YOUR ASSIGNMENT
Reproduce from the records below, with no pictures, exactly the lines between the one containing "Parigi, Bibliothèque Nationale" and the one containing "Wildschweinpastete mit Rotwein", inclusive.

RECORDS SUPPLIED
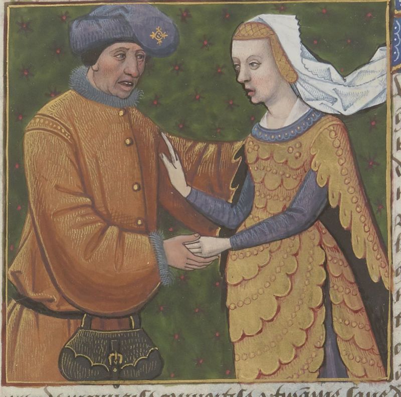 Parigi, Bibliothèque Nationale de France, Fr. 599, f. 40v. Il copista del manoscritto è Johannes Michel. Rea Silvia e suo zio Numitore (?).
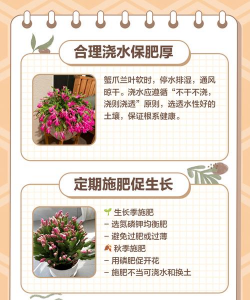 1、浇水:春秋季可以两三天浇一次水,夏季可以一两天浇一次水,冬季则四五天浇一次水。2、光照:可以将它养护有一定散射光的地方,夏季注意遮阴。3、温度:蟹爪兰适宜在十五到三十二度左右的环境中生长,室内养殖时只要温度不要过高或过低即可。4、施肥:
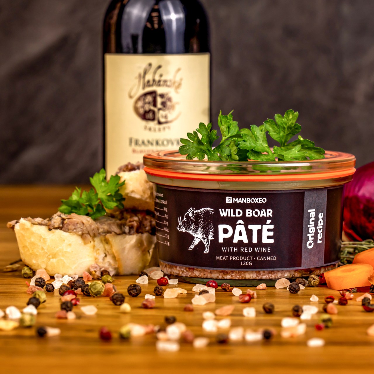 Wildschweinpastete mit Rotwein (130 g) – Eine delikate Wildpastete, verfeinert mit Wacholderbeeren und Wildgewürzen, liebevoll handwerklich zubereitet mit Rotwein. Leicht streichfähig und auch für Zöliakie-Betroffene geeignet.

==

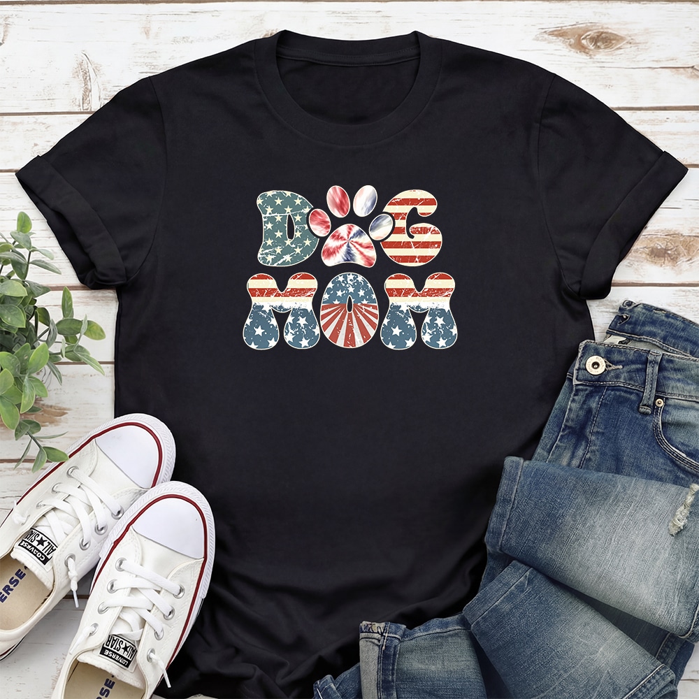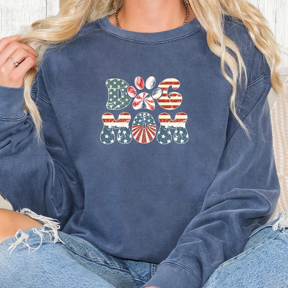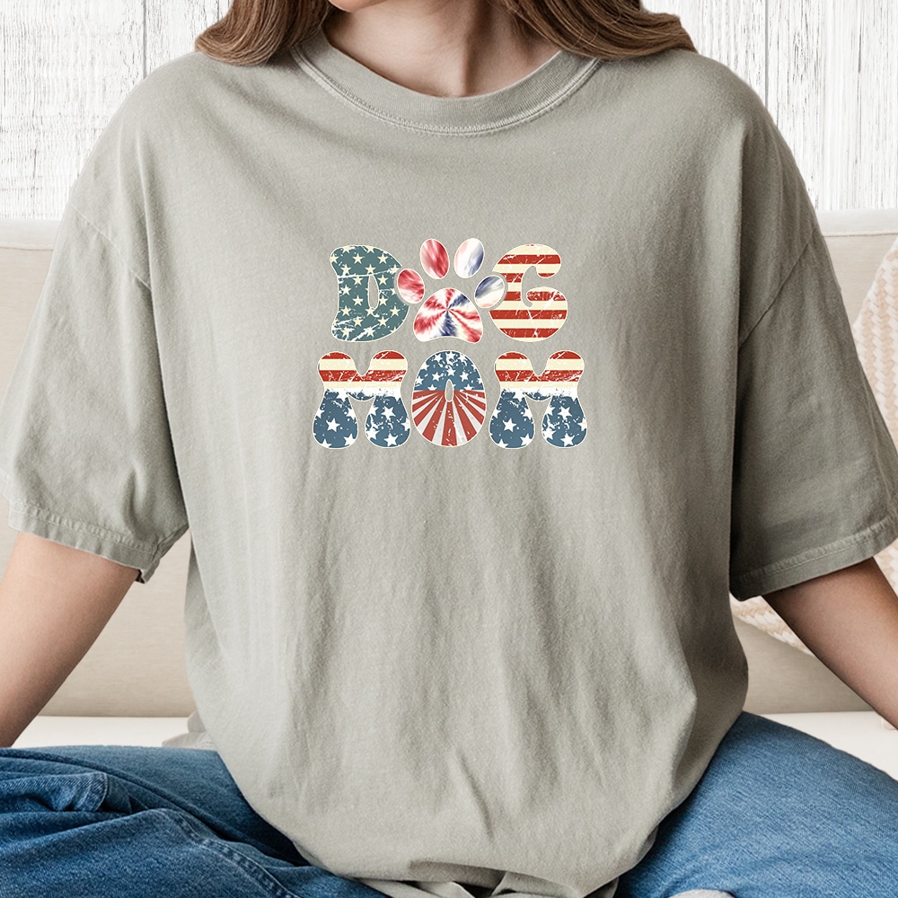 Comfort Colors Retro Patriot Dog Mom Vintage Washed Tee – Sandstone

THE COMPLETED TASK
 Parigi, Bibliothèque Nationale de France, Fr. 599, f. 40v. Il copista del manoscritto è Johannes Michel. Rea Silvia e suo zio Numitore (?).
 1、浇水:春秋季可以两三天浇一次水,夏季可以一两天浇一次水,冬季则四五天浇一次水。2、光照:可以将它养护有一定散射光的地方,夏季注意遮阴。3、温度:蟹爪兰适宜在十五到三十二度左右的环境中生长,室内养殖时只要温度不要过高或过低即可。4、施肥:
 Wildschweinpastete mit Rotwein (130 g) – Eine delikate Wildpastete, verfeinert mit Wacholderbeeren und Wildgewürzen, liebevoll handwerklich zubereitet mit Rotwein. Leicht streichfähig und auch für Zöliakie-Betroffene geeignet.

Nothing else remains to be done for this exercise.